In the case of West v. McEnery, 1:14-cv-00250-AT (S.D.N.Y.), Dkt. 90, the Southern District Court of New York passed a default judgment in favour of Kanye West to desist the defendants from using the name “Coinye West” as trademark for their cryptocurrency brand.
Similarly, in Universal Inv. L.P. v. Borodich, No. 18-cv-24286- GAYLES\ OTAZO-REYES (S.D. Fla.), Dkt. 20, the Southern District of Florida passed a default judgment in favor of plaintiff Universa Investments due to use of the mark “Universa” by the defendants as a cryptocurrency name.
It can be observed that the number of cryptocurrency litigations pertaining to trademark infringement is certainly going up as newer cryptocurrencies are developed and more cryptocurrency trademarks are sought for. Cryptocurrency firms seeking to obtain trademark protection should constantly monitor the market situation and position themselves in such a manner that they succeed in obtaining and keeping up the trademark.

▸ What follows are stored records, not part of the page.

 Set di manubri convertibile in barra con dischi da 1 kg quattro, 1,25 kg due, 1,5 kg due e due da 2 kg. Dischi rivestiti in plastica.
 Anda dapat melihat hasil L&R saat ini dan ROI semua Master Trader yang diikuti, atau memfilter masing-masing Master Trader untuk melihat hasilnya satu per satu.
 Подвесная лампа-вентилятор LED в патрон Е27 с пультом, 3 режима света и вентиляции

There are many regulatory and legal challenges pertaining to cryptocurrency which need to be dealt with in a quick manner in India. Regarding trademark laws, there arises a need to allocate acceptable identifiers for cryptocurrency trademarks, as done by the Trademarks Manual issued by USPTO.

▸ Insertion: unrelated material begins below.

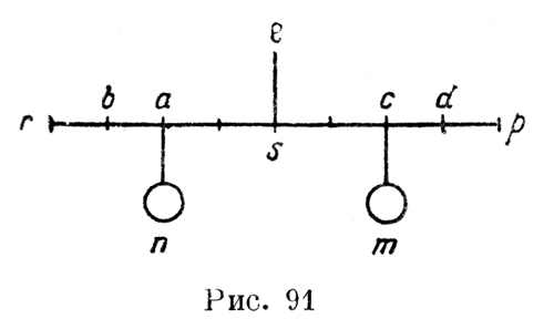 "О весах. Если отодвинуть (рис. 91) равные веса на равные расстояния от центра или оси весов, то они будут сохранять концы весов равноотстоящими от опоры их, т. е. если веса m, n, подвешенные в с, а, будут иметь равный вес и находиться на равном расстоянии от оси весов s и если ты их отдалишь от этой оси вплоть до d, b, то, если эти расстояния будут равны, концы весов р, r, останутся на равном расстоянии от /. "О весах. Если неравные веса поместить на неравных расстояниях весов и последние при этом останутся горизонтальными, затем же отодвинуть их на равные расстояния, то весы наклоняются в сторону большего веса, т. е. если вес b (рис. 92) весит один фунт и уравновешивается тремя фунтами в с, то причина этому та, что b отстоит на 3 унции, а с отстоит от оси на 1 унцию, и необходимо дополнить их так, чтобы вес части, имеющие между собой ось, были количественно (dj numero) равны, т. е. если с есть 4—3 фунта веса и 1 деление, что дает 4, то таким же образом b будет иметь 3 деления и 1 фунт, что дает 4, и, следовательно, имея в фунтах и делениях по 4 на каждой стороне, весы будут горизонтальными. "Если же теперь хочешь отдалить оба веса одинаковым образом от их места, то больший вес будет тянуть плечо весов вниз; причина же этого та, что если ты перемещаешь b в а и также с в d, то расстояние от оси до веса выходит из прежней пропорции, ибо со помещалось раньше три раза в оb, а после перемещения грузов в а и d, do помещается 2 раза в оа, а не 3, как раньше, и для того чтобы уравнять эти весы, необходимо было бы, чтобы вес 3 сделался равным 2, что было бы хорошо; если же нет — 3 опускается" (А. 42 v.). В этом, повторяем, весьма раннем отрывке наблюдается серьезная путаница. Вначале Леонардо явно следует за данным Альберти рецептом сложения весов с делениями плеч, рецептом, как мы отмечали, правильным только при условии равенства суммы единиц веса в обоих грузах и суммы единиц делений на обоих плечах, условии, выдержанном и в примере Леонардо; затем же он раздвигает грузы, вследствие чего условие нарушается и правило сумм оказывается неприменимым. Тогда Леонардо бездоказательно, по но существу правильно утверждает, что при удалении на равные расстояния должно быть сохранено между этими весами отношение, равное отношению новых расстояний; при несоблюдении этого более тяжелый груз опустится. На примере этой записи мы можем ясно проследить разницу между творчеством в области механики Леонардо и Альберти. В то время как Альберти, выставляя свое правило сумм, подкрепляет его одним частным примером и на этом успокаивается, Леонардо, перенимая у Альберти это правило, начинает экспериментировать над объектами, подчиняющимися ему. Отодвигая и придвигая грузы, он невольно обнаруживает недостаточность, вернее непригодность этого правила. Так, реальный, ощупываемый руками опыт, будучи введен в систему механики в качестве органической и основной ее составной части, начинает свою плодотворную работу по отсеву правильных теорий от хотя бы логически убедительных и стройных, но неправильных, — работу, которой столь недоставало механике схоластической.
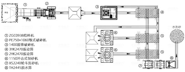 “鄂破+圓錐破+沖擊破”三段破碎方案,加上兩級(jí)篩分工藝,結(jié)合輪斗洗砂機(jī)、脫水篩設(shè)備對(duì)機(jī)制砂清洗作業(yè),實(shí)現(xiàn)高品質(zhì)機(jī)制砂生產(chǎn)。

The Trade Marks Act, 1999 has to be amended to include new-age trademarks, including cryptocurrency marks. The legislature should also identify the legal position of cryptocurrencies in India, as currently there is no recognition granted to the same.

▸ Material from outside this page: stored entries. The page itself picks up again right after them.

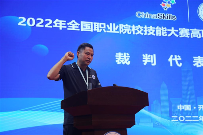 賽項(xiàng)裁判長(zhǎng)、甘肅有色冶金職業(yè)技術(shù)學(xué)院教授陳衛(wèi)東宣布競(jìng)賽規(guī)則。裁判員代表、參賽選手代表分別宣誓。浙江拓峰科技股份有限公司副總經(jīng)理張星耕代表水處理技術(shù)賽項(xiàng)合作企業(yè)致辭。
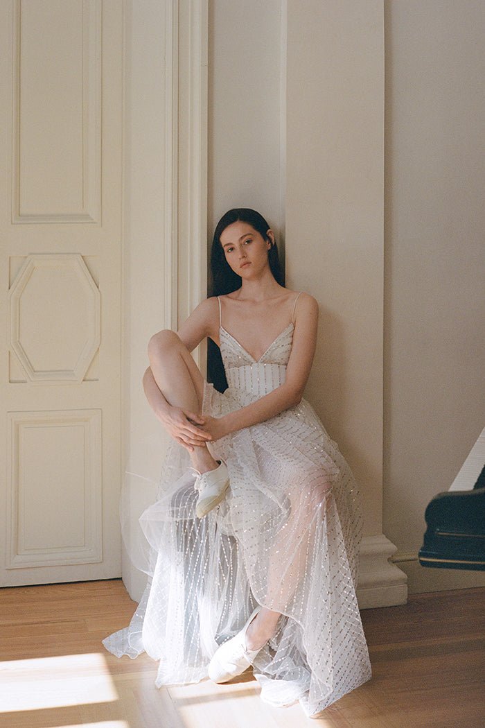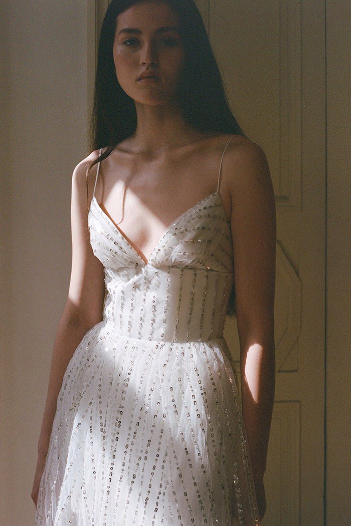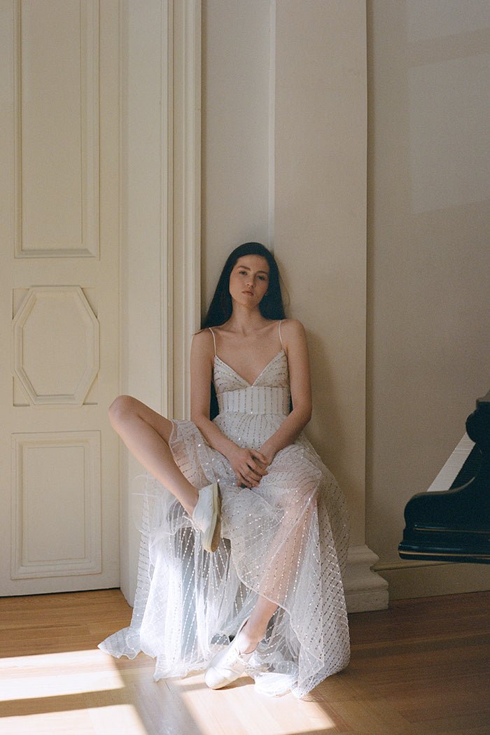 Платье макси из сетки с пайетками
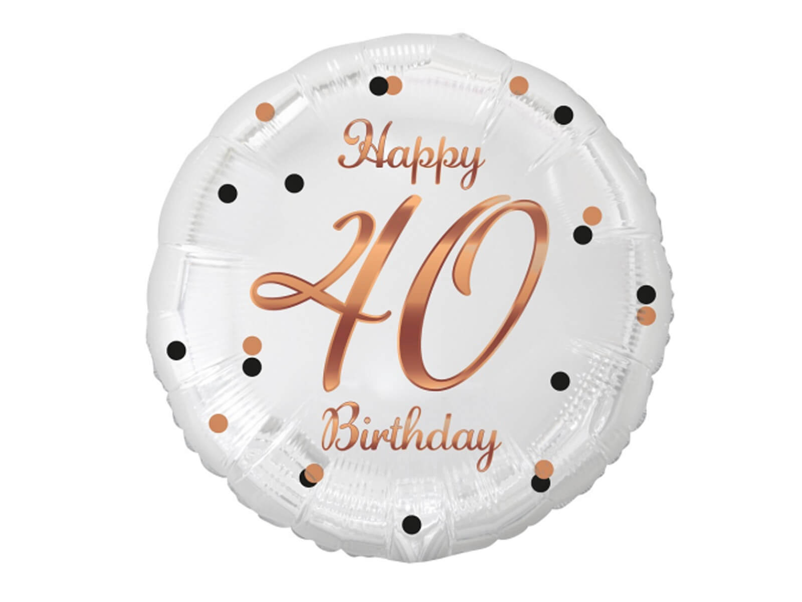 Balon din folie pentru patruzeci de ani cu imprimare de aur roz - 46 cm - 1 buc.
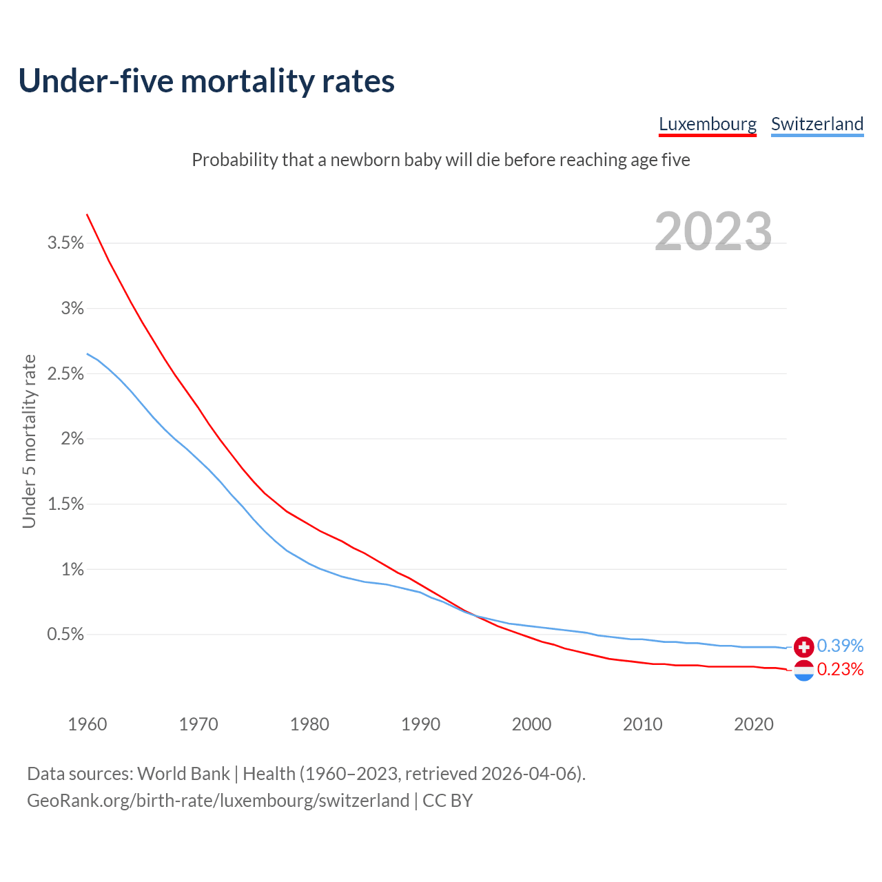 The chance that a newborn baby will die before reaching age five is 0.23% in Luxembourg and 0.39% in Switzerland. Above is a chart with historical data on under-five mortality rates.
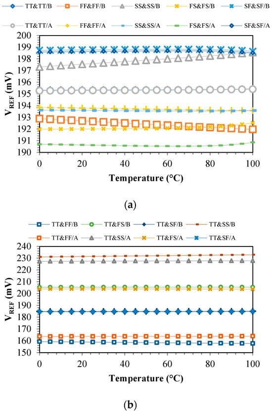VREF,2T_P and VREF,2T_N are 2T p-type and n-type reference voltages, respectively. The output reference voltage changes for VREF,2T_P and VREF,2T_N in temperature compensated form, the reference voltage obtained in (15) (through substituting VREF,2T_N and VREF,2T_P into (15)), and the reference voltage versus temperature changes are simulated in Figure 9. The mean values of VREF obtained from (15), VREF,2T_P, VREF,2T_N, and output VREF are 192.5 mV, 188.8 mV, 207.1 mV, and 195.3 mV, respectively. Assuming ID6 = ID7 and similarly to (13), VB8 is obtained as follows:

Cryptocurrency companies need to protect their trademark early, so as to protect their goodwill and the rights of their users. Such cryptocurrency names should not be generic, descriptive and have a particular distinctiveness which enables users to identify its source. Cryptocurrency firms in India need to begin applying for registration of trademarks. Trademark protection can also be sought for in the USPTO for firms which intend to provide facilities beyond India.
Cryptocurrency has left an impressionable mark across the globe, providing even more possibilities for growth and development, named as the “future of money”. People are increasingly looking for exchanges in cryptocurrency mediums due to the benefits of cryptocurrency, such an anonymity and open source ledger, making it a crypto-asset.
Big players such as Facebook, Samsung and Nike have also decided to join the cryptocurrency market and provide their own cryptocurrency facilities. However, owners of cryptocurrency need to protect their identity and reputation in the market, and this is not possible without trademark protection. For acquiring a valid trademark, a company should have a distinct and original trademark which associates the goods/services with the company directly.
As cryptocurrency is based on the open source software of blockchain, it does not belong to a single known owner and hence cannot be protected as such. Different companies can personalize their cryptocurrency brands with a specific term and obtain trademark protection in the United States. Countries like India are yet to see registration and grant of trademark to cryptocurrency brands.
In the present-day legal scenario, it would be beneficial for the Indian legislature, judiciary or the Controller General of Patents, Designs and Trademarks, India to pass directions or guidelines for the proper implementation and regulation of cryptocurrency in India and provide for protection to be granted to cryptocurrency firms through Trademarks.